> WORK ITEM:
The copy you return should hold only the lines from the top of the data below through the line with "به گزارش اداره", each duplicated exactly and with no pictures.

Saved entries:
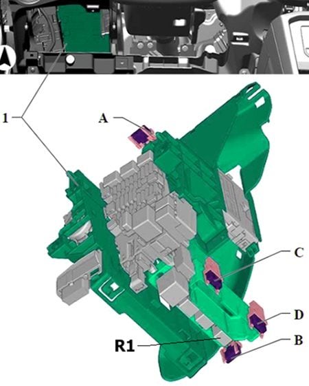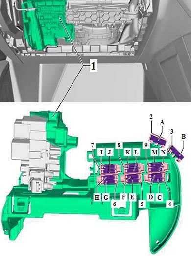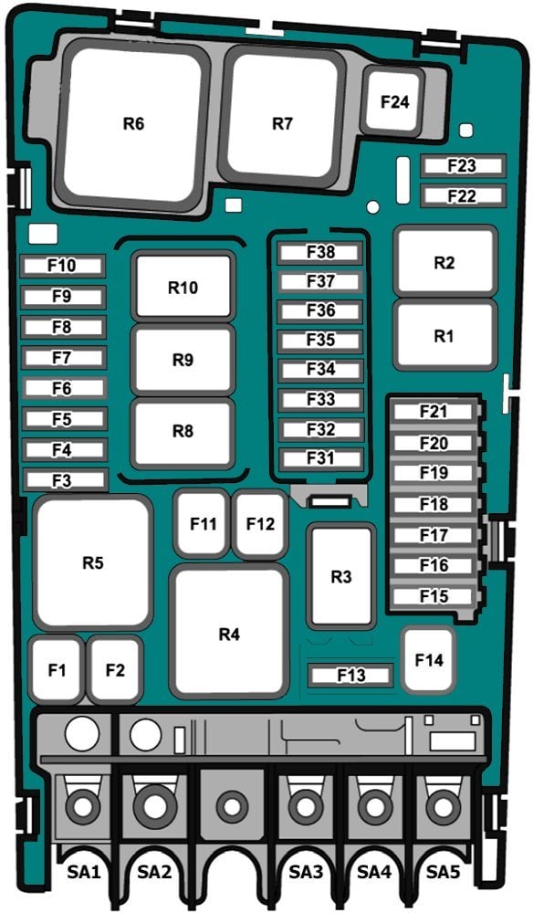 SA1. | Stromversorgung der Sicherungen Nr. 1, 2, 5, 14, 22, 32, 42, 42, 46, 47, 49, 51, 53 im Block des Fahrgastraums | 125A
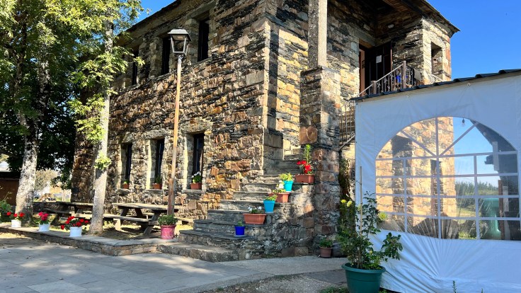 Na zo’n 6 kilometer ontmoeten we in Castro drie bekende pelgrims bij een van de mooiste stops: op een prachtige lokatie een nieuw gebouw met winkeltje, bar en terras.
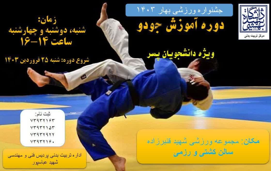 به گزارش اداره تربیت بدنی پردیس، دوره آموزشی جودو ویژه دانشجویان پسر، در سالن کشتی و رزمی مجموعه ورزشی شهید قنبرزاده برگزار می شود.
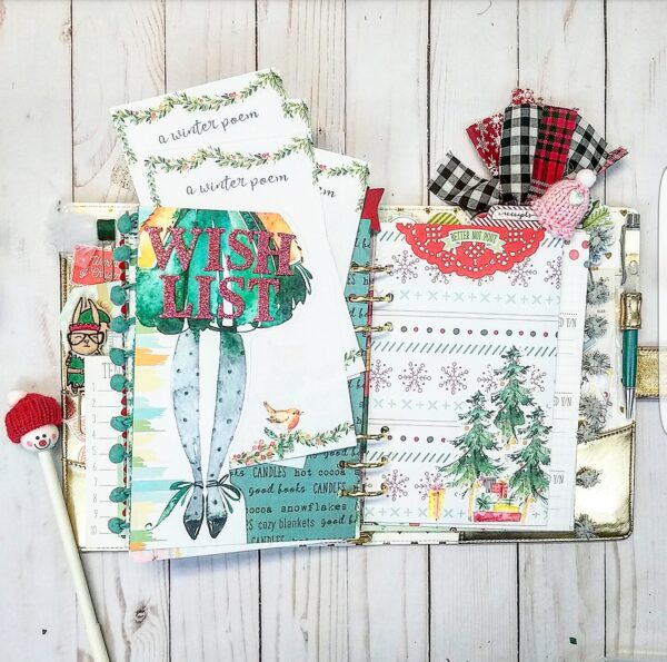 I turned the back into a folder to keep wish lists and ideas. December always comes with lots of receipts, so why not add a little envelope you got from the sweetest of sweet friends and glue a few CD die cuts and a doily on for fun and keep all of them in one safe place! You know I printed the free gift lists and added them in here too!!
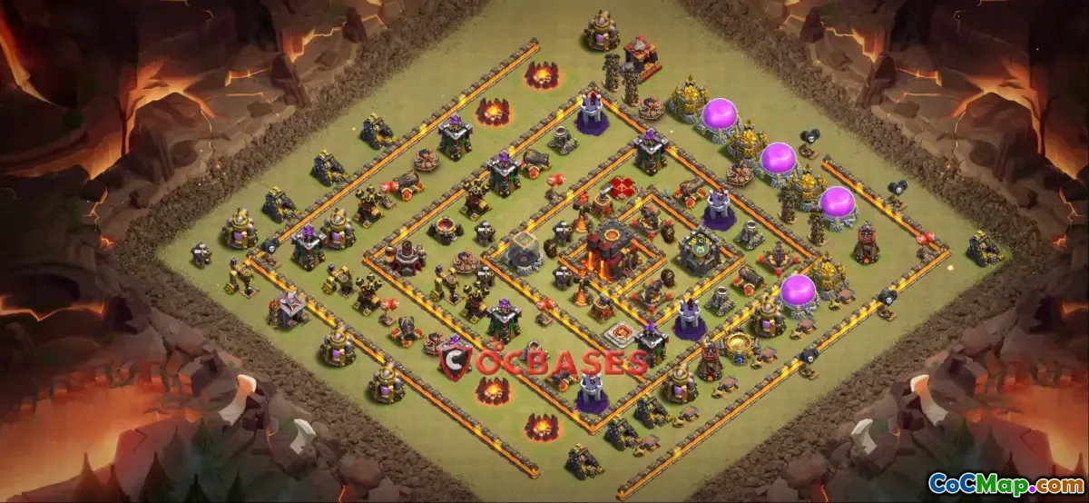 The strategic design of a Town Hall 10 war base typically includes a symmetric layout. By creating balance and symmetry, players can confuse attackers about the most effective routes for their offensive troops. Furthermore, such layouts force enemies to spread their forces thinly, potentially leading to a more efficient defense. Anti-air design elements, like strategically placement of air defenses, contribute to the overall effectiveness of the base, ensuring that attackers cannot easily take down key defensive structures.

> RESULT BELOW:
 SA1. | Stromversorgung der Sicherungen Nr. 1, 2, 5, 14, 22, 32, 42, 42, 46, 47, 49, 51, 53 im Block des Fahrgastraums | 125A
 Na zo’n 6 kilometer ontmoeten we in Castro drie bekende pelgrims bij een van de mooiste stops: op een prachtige lokatie een nieuw gebouw met winkeltje, bar en terras.
 به گزارش اداره تربیت بدنی پردیس، دوره آموزشی جودو ویژه دانشجویان پسر، در سالن کشتی و رزمی مجموعه ورزشی شهید قنبرزاده برگزار می شود.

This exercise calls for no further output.